White solid; m.p.: 249–251 °C; IR (KBr): \( \bar{v} \) = 3,426, 3,311, 3,160, 2,200, 1,693, 1,655, 1,615, 1,570, 1,460 cm−1; 1H NMR (400 MHz, DMSO-d 6 ): δ = 6.77 (s, 1H), 7.31–7.75 (m, 4H), 10.69 (s, 1H, NH), 12.54 (s, 1H, NH), 13.81 (brs, 1H, NH) ppm; 13C NMR (100 MHz, DMSO-d 6 ): δ = 46.8, 56.0, 90.9, 111.1, 113.6, 116.8, 127.0, 131.2, 135.4, 141.5, 152.9, 158.1, 159.2, 173.9, 177.0 ppm.

7′-Amino-5-fluoro-2,4′-dioxo-2′-thioxo-1′,2′,3′,4′-tetrahydrospiro [indoline-3,5′-pyrano[2,3-d]pyrimidine]-6′-carbonitrile (4h, C15H8FN5O3S)

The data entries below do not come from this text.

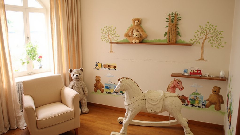 Nostalgia can transform a nursery into a timeless haven with vintage toy motifs. Imagine decorating with classic teddy bears or retro rocking horses to create a cozy, timeless vibe. You’ll craft a space that feels both playful and calming by blending old-school charm into your design.
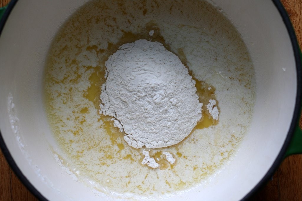 On to the soup base! Melt the butter in a large pot, and stir in the flour. Stir and cook the flour/butter mixture for 1 minute.
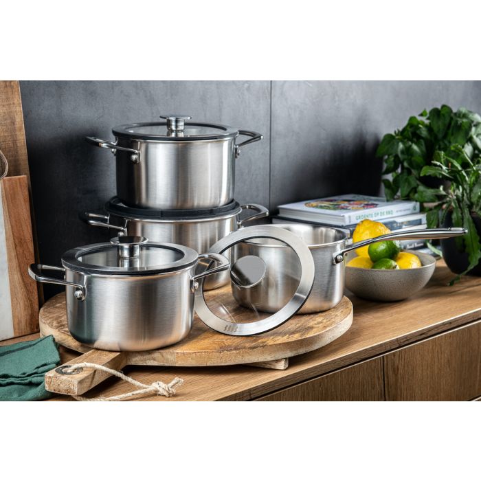 De pannen zelf bestaan uit drie lagen: inductiestaal aan de buitenzijde, roestvrij staal aan de binnenzijde en een aluminium tussenlaag. Deze lagen zorgen er niet alleen voor dat de warmte goed verdeeld wordt, maar maken ook dat de pan prettig vasthoudt zonder dat deze te zwaar is. Dankzij de speciale bodem van inductiestaal zijn deze pannen geschikt voor alle warmtebronnen, dus ook voor inductie. Voor extra kookgemak staat op de matte rvs binnenzijde een duidelijke maataanduiding.
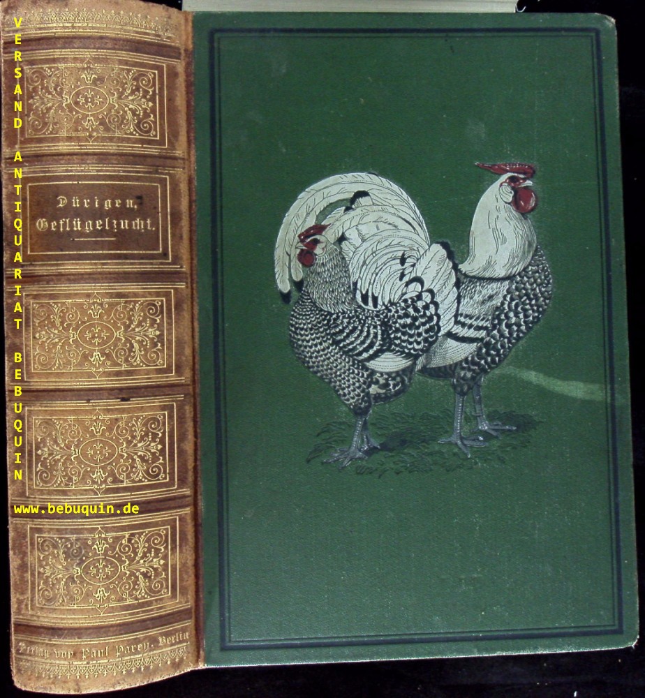ORNITHOLOGIE.– DÜRIGEN, Bruno: Die Geflügelzucht nach ihrem jetzigen rationellen Standpunkt. Berlin (Parey), 1886. Gr. 8°. S. VI – XIII, 880 S. mit 80 Rassetafeln in Holzschnitt von Hugo Schindler und 101 Textholzstichen. ill. OHLdr. Kanten leicht berieben, Schnitt und Titelei stockfleckig, sonst hin und wieder fingerspurig, Block etwas gelockert, insgesamt noch gut. seltene EA des wichtigen Standardwerks mit den eindrucksvollen Tafeln.

White solid; m.p.: 252–255 °C; IR (KBr): \( \bar{v} \) = 3,425, 3,313, 3,161, 2,201, 1,694, 1,656, 1,615, 1,570, 1,469 cm−1; 1H NMR (400 MHz, DMSO-d 6 ): δ = 6.76–6.79 (m, 1H), 6.97–7.02 (m, 1H), 7.23 (dd, 1H, J 1 = 8.2 Hz, J 2 = 2.6 Hz), 7.48 (s, 2H, NH2), 10.56 (s, 1H, NH), 12.50 (s, 1H, NH), 13.84 (brs, 1H, NH) ppm; 13C NMR (125 MHz, DMSO-d 6 ): δ = 47.6, 57.4, 91.6, 110.4, 110.4, 112.4, 112.6, 115.2, 115.4, 117.2, 135.1, 135.2, 138.8, 153.4, 159.1 (J C–F = 128.2 Hz), 174.5, 177.8 ppm.